Das Gezerre um die Zuständigkeiten zwischen Bund, Ländern und Kommunen bremst in vielen Fällen einen angemessenen Umgang mit den Menschen, die Zuflucht suchen, aus. Auch die Beschaffungslogistik stellt die Behörden vor Probleme. „Der Markt für Wohncontainer ist leergefegt, für sofort verfügbare Einheiten werden Mondpreise aufgerufen. Vor ein paar Wochen konnte man einen Sanitär-Container noch für 7000 Euro im Monat anmieten, heute sind dafür 30.000 Euro fällig“, sagt Andreas Wohland. Das Land habe es versäumt, eine bestimmte Anzahl von Feldbetten, Containern und Leichtbauhallen für Notfälle auf Lager zu legen.
Der Städte- und Gemeindebund geht davon aus, dass die geplanten zusätzlichen Kapazitäten „bei weitem nicht ausreichen“ werden. „Ich befürchte, dass wir auch wieder vermehrt Turnhallen belegen und Zeltstädte errichten müssen“, erklärt Wohland. Außerdem müssten die Ausländerbehörden technisch besser ausgestattet werden: „Wenn es in einer Großstadt wie Köln nur ein Registrierungsgerät gibt, zeigt das, wie groß der Aufholbedarf ist.“
In ihrer Not wenden sich viele Neuankömmlinge auch an den Kölner Flüchtlingsrat. „Bei uns ist der Teufel los“, sagt Geschäftsführer Claus-Ulrich Prölß. Das liege auch daran, dass die organisatorischen Abläufe lange ungeklärt gewesen seien beziehungsweise nicht funktioniert hätten. Aus dem Chaos bilde sich jetzt erst langsam eine Struktur heraus.

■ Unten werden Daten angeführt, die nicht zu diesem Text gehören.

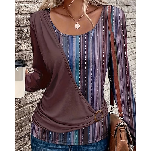 Per donna Blusa Grafico Elegante Manica Lunga Girocollo Top Regolari Quotidiano Ferie Uscire Patchwork Blu Marrone Verde Primavera Autunno
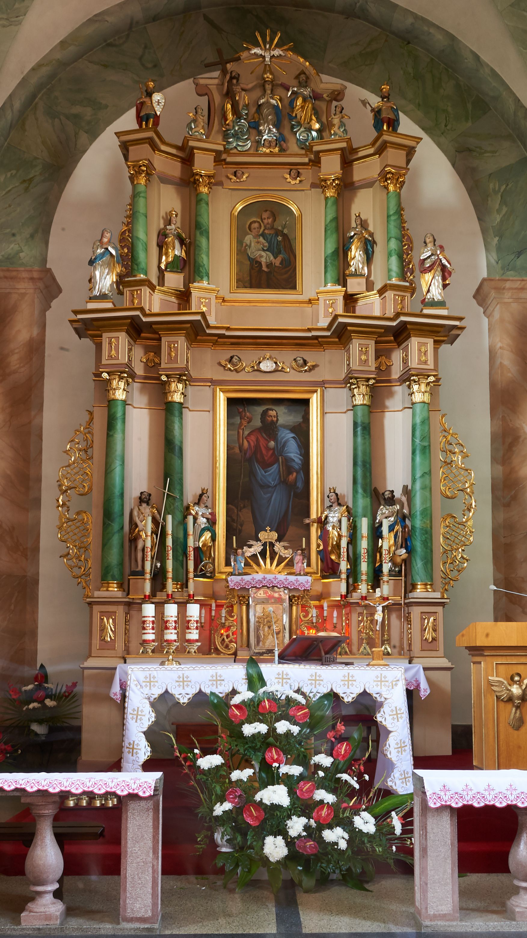 Nastawa ołtarzowa architektoniczna, dwukondygnacyjna ze zwieńczeniem, obie kondygnacje trójosiowe. Ołtarz murowany, prostopadłościenny, mensa z kamiennym portatylem. Antepedium dekorowane malowaną iluzjonistycznie prostokątną płyciną z wypukłymi krótszymi bokami. Na ołtarzu tabernakulum w formie drewnianej skrzynki ujętej kolumienkami podtrzymującymi gzyms. Do niego wbudowana drewniana skrzynka obita metalową blachą, z drzwiczkami w kształcie stojącego prostokąta, ujętego ramą, z wizerunkiem krzyża, winnego grona, kłosów zbóż i kielicha z hostią w polu. Całość flankowana uszami utworzonymi z cęg i kratki. Na tabernakulum tron wystawienia przyjmujący postać glorii promienistej, z parą aniołów unoszącą nad nią koronę zamkniętą. Tron flankowany dwoma klęczącymi aniołkami trzymającymi lichtarze ze świecami. Pierwsza kondygnacja na dwustrefowym cokole, w górnej partii z wyodrębnionymi prostopadłościanami, dekorowanymi płycinami z ornamentem roślinnym. Osie wydzielone czterema kolumnami o kapitelach kompozytowych, dźwigających pełne belkowanie z silnie wysuniętym gzymsem, wyłamane na ich osi oraz ustawione pod kątem na zewnątrz. Fryz dekorowany medalionem z monogramem IHS, uskrzydlonymi główkami anielskimi i ornamentem roślinnym. W polu środkowym wnęka w formie stojącego prostokąta, ujęta profilowaną ramą, z obrazem św. Jakuba. Wnęka flankowana figurami św. Katarzyny Aleksandryjskiej i św. Barbary ustawionymi na cokołach. Na osiach bocznych rzeźby św. Jana Chrzciciela i św. Andrzeja na cokołach. Pierwsza kondygnacja flankowana uszami utworzonymi z wici roślinnej i kratki. Druga kondygnacja na cokole z wyodrębnionymi prostopadłościanami, dekorowanymi płycinami z ornamentem roślinnym. Osie wydzielone czterema kolumnami o kapitelach kompozytowych, dźwigającymi pełne belkowanie, wyłamane na ich osi. Wewnętrzna para zwrócona pod kątem do środka, para skrajna na zewnątrz. Fryz dekorowany uskrzydlonymi główkami anielskimi. W polu obraz św. Józefa z Dzieciątkiem w formie stojącego prostokąta zamkniętego łukiem odcinkowym, ujęty profilowaną ramą. Na osiach bocznych ustawione figury niezidentyfikowanej świętej i św. Jadwigi (?). Na skraju belkowania pierwszej kondygnacji umiejscowione rzeźby Marii i św. Jana. Druga kondygnacja flankowana uszami utworzonymi z wici roślinnej. Zwieńczenie w kształcie zbliżonym do leżącego prostokąta, o wklęsłych bokach, zamkniętego łukiem odcinkowym nadwieszonym. W polu grupa rzeźbiarska Koronacji Marii, w której postacie unoszą się na obłokach, nad nimi zaś znajduje się gołębica Ducha Świętego w glorii. Na belkowaniu drugiej kondygnacji ustawione dwa klęczące na obłokach aniołki oraz figury św. Stefana i św. Władysława. Struktura polichromowana w kolorze beżowym, z bladoróżowymi detalami; kolumny malowane na sposób imitujący marmoryzacje w kolorze zielonym; profile i ornamentyka złocone.

„Es war ein Fehler, Unterbringungsressourcen und Hilfsstrukturen seit 2016 abzubauen. Jetzt gibt es wieder große Reibungsverluste, weil viele Kommunen wieder bei Null anfangen müssen. Die Container, die damals bereitstanden, sind zum Teil verkauft oder verschrottet werden“, so Prölß.